I don't think that I've heard of a single condo project in Gowanus. >>> Dan: So, we're gonna start -- we're going to put a few properties to market this week, actually. But you're now required to build affordable housing units beyond 12 and a half thousand square feet. So, there's a lot of smaller sites,

not tiny sites, but medium sized sites where you're zoning -- won't be more than 12 and a half thousand square feet. And you're going to see a lot of these small boutique condo sites get developed in the neighborhood. That's where the for sale housing is going to come. But the bulk of the units are going to come to the neighborhood are going to be rental. Because it's very challenging, under the mandatory inclusionary housing, to build condo projects because of the way that the 421a and, and mandatory inclusionary rules work. That may change with the new 421a and there's some discussion and the -- >>> Michael: So, let's go to our zoning.

>>> Dan: Yes. [laughs] >>> Michael: What's, what's this inclusionary housing in the 421a's and how do they look like? >>> Mitchell: Well, thankfully the programs work together. But there's a lot of concern of course, about the expiration of 421a in, in June of this year. And a tremendous effort on the part of lots of our clients and others to vest under the current program. Working closely with the city -- the city has a real

interest in seeing to it that, the, the program works and that we're able to vest, because that's how the affordable housing is unlocked. And without the program, it's impossible really to build affordable housing and, and extraordinarily difficult to build rental housing at all, of course. So, the, the, the replacement idea of the governors is sound, and I think is imaginative and lots of very good things in it.
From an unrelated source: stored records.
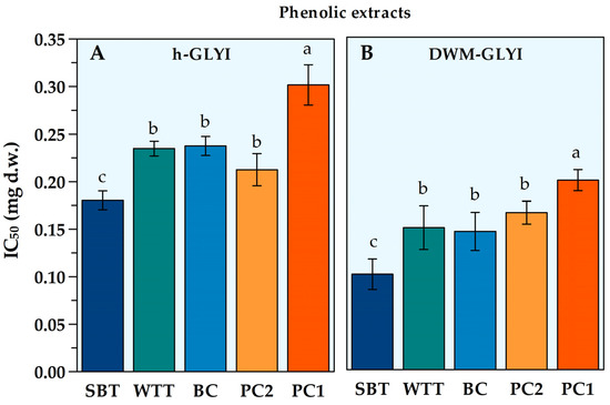 IC50 values for phenolic extracts from different plant foods, as obtained by both h-GLYI (A) and DWM-GLYI (B) assays. Data are reported as the mean value ± SD (n = 3). Different lowercase letters indicate significant differences at the p = 0.05 level, according to Duncan’s test. Abbreviations: SBT, ‘Sun Black’ tomato; WTT, wildtype tomato; BC, black carrot; PC1, Polignano carrot type 1; PC2, Polignano carrot type 2.
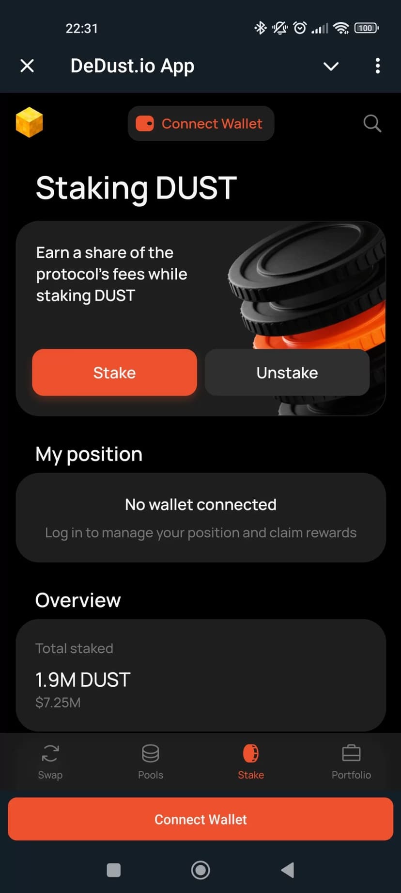 - Стейкинг — стейкинг токена $SCALE (позже $DUST) с вознаграждениями, формируемыми торговыми комиссиями.
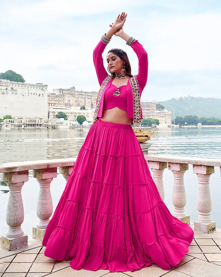Elegant Pink Color Pure Rayon Navratri Lehenga Choli

Let's hope the state legislature does the right thing and, and adopts it without too many, too many amendments. And if they do, I think we'll continue to have the ability to move forward. If they

don't, many of us are very, very concerned. But for the moment, there, there is an effort underway of course, to vest under the existing program. And I think many of our, many of the folks will, will be able to do that. >>> Dan: Well, then I remember back in 2015, when the last 421s program expired, it was well over a year before a new program put into place. And if you look --

>>> Michael: That I remember well. >>> Dan: Yeah, if you look at the building, I think we, I was on a show actually, is that was happening. And, and I was in, in 2016, and we were talking about where's all the development sites. Well, nobody was prompted to, to start new sites, because the program didn't exist. So, it seems like they've gotten a little bit of a headstart on this. And the governor seems to

be talking about it -- >>> Michael: Speaking of the sites, what are the sites selling for today? >>> Dan: They were trading anywhere from $200 per buildable square foot, to $230 per buildable square foot. It's likely now that the rezoning -- the rezoning risk has been essentially been eliminated and hopefully, you know, through any sort of challenges to the article 78, without that risk, more people can, can take on the ability to buy it. >>> Michael: So, you think it's -- since you are the developer, do you believe it's like $300 a foot, today that you can make money if you pay 300 a buildable foot? >>> Nick: Not on rental. Not based on the rental rates that the neighborhood and the -- I mean, the, the other issue is that the soil conditions and concerns about flooding and other issues are really limited -- >>> Michael: The construction costs -- >>> Nick: Construction costs are high, limiting the amount that you can build down. So, a lot of your mechanicals have to be

above grade. There are strict regulations about how much parking you have to deliver per site. So, it's really not so easy to figure out how it all fits together. But at the end of

the day, it really -- that those types of costs are, are limiting the values for sites. >>> Michael: What about retail? How much retail is going to be playing for the community? >>> Nick: Well, I think that the most important thing about retail is, and I think that we've found it and seen it as a result of the pandemic, you really need to be able to have rational thoughtful pricing for, for retail you, and you need to have a true partner in a retailer, right? Whole Foods chose 3rd and 3rd in Gowanus, because they studied the entire city. They understood and knew that people wanted to and needed a Whole Foods in that area, to have Park Slope, to have Boerum Hill, to have Cobble Hill, to have Carroll Gardens. Even Brooklyn Heights have access to a Whole Foods. They, they fought for and got a huge parking lot, so people could drive to them. So, I think that retail, using a Whole Foods model, the critical thing is to balance, right? We're -- we've been spending a lot of time trying to make sure that we don't want just big box retailers. We really want to be able to celebrate all of the

neighborhoods, all of the, you know, the intricate mom and pop stores, be able to have them really have an opportunity to have a business, have rational, thoughtful retail in locations and, and, and very much make it a destination. The canal, when you look at what is going to be -- >>> Michael: You mean Venice. [laughs] >>> Nick: Venice, Venice -- >>> Mitchell: Absolutely. >>> Nick: It's going to be beautiful. And interestingly,

you know, the Toll Bothers sites, the 363-365 Bond, they were very much built initially, and it's more of a feel where it's like a, you know, a Battery Park. It feels a little bit more contrived in terms of the neighborhood, just because they're one-off in a location. And they very much put -- turn their back on the canal. We're looking at it really as an

opportunity to open up and use the canal almost as our front door. Because we think that this is going to be such an exciting destination, elevated to the point where people are going to be as excited about going to the Gowanus Canal, as they are excited about going to the Highline. >>> Michael: Look, we have the situation that you have good mass transit. Okay? The trains over there are fine.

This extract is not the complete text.